– A-а, если ты хочешь продолжать свои сумасшедшие штучки, то я не собираюсь обращать на них внимания, – говорила мать, подходя ко мне и поправляя на мне одеяло. – Что можно сделать, если у меня слегка сумасшедший сын?
– Может быть, – бормотал я сквозь стиснутые зубы, с ненавистью глядя на нее и совсем уже сжимаясь телом, чтобы она не коснулась меня, ну, вот хоть бы землятрясение в эту секунду… Неужели она не понимает, что я уже не ребенок, так я думал, продолжая сживаться в комок.

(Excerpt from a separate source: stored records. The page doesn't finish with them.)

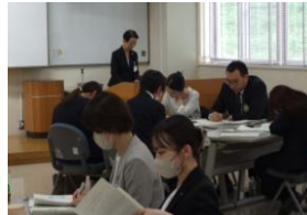
← 研修指導者フォロー研修(昨年7月)
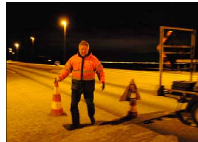
Nákvæmlega kl. 12 á miðnætti var Hringvegi lokað og umferð beint inn á Hvalfjarðarveg með stórum skiltavagni og keilum.
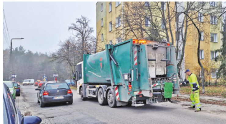
Na terenie dawnej bazy autobusowej w Karczewie, powstała baza dla śmieciarek

– Do urzędu gminy nie wpłynęły żadne dokumenty potwierdzające, że
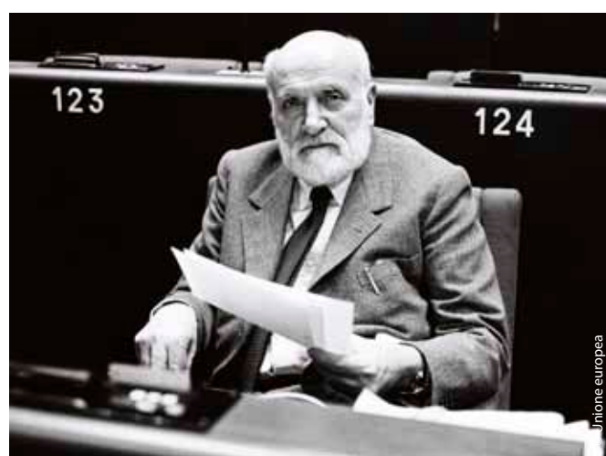
Spinelli al Parlamento europeo, poco tempo dopo l'adozione da parte dello stesso del suo piano per un'Europa federale nel 1984.

Nonostante non tutte le sue idee ambiziose siano divenute realtà, Altiero Spinelli ha perseguito accanitamente il proprio obiettivo di un governo europeo sovranazionale con il fine di evitare altre guerre e di unire i paesi del continente in un'Europa unita. I suoi pensieri hanno ispirato molti cambiamenti nell'Unione europea, in particolare l'aumento significativo dei poteri del Parlamento europeo. Il Movimento federalista organizza ancora oggi incontri periodici sulla piccola isola di Ventotene. Altiero Spinelli morì nel 1986 e l'edificio principale del Parlamento europeo a Bruxelles porta il suo nome.
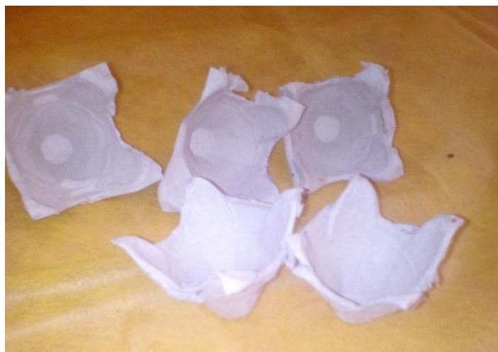
2. Разрезаем лотки.
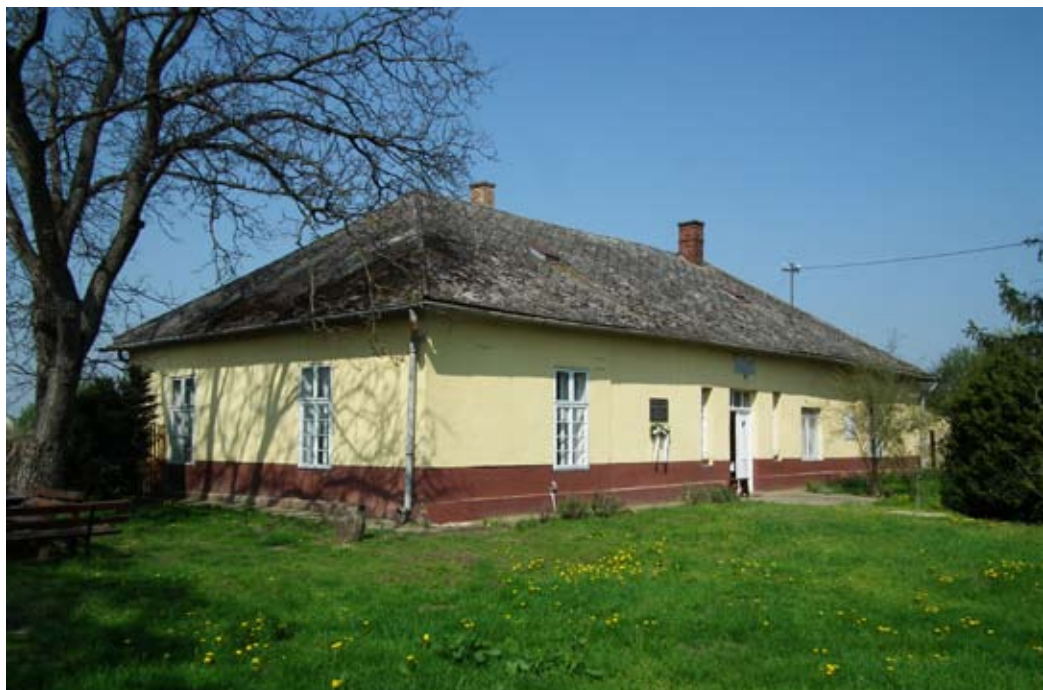
A görögkatolikus paróchia 1890-ben épült vályogból. Ma a község Falumúzeumának ad otthont.

– Ну хорошо, встанешь, когда тебе захочется, – говорила мать ласково-равнодушно и выходила из комнаты, между тем как в другой комнате начинала греметь посуда, накрывался стол к завтраку, ко мне входила домработница Маруся, чтобы спросить, хочу ли я яички всмятку, Маруся была средних лет женщина с обиженным лицом и симпатичными ногами в нитяных чулках, я украдкой следовал за ними глазами, когда она натирала пол, теперь же я вставал, шел умываться и как-то забывал о землетрясении…
(19 лет)
…Я спал лицом к окну. Высокое окно (комната высотой в пять с лишним метров) закрывалось высокими деревянными ставнями с чугунной витой щеколдой. Дверь в комнату родителей была наискосок, я сначала видел, как поворачивается медная дверная ручка, похожая на детский фаллос, и затем уже открывается дверь и появляется мать со слегка опухшим от сна лицом, в халатике поверх длинной ночной рубашки. Но уже с того момента, как стала поворачиваться ручка, я лежал в напряжении и ждал – если бы что-нибудь случилось, что угодно, черт знает что, землетрясение, удар, гром, молния, все на куски, все проваливается неизвестно куда, только бы перестала поворачиваться ручка – и от маминой красивой фигуры исходило тепло сна, она делала горлом «гх, гх, гх», прочищая его, как певицы, которым она аккомпанировала, при этом морщила лоб и прикрывала глаза, как курица, собравшаяся кудахтать, но все равно, даже сейчас мама не походила на курицу, слишком была красива для этого, а я продолжал лежать, притворяясь спящим, хотя меня выдавали раскрытая книга и зажженная лампа, а ведь как только ручка стала поворачиваться, можно было успеть потушить лампу, но тогда я унизил бы себя перед самим собой, невозможно, и я продолжал лежать, не в силах шелохнуться.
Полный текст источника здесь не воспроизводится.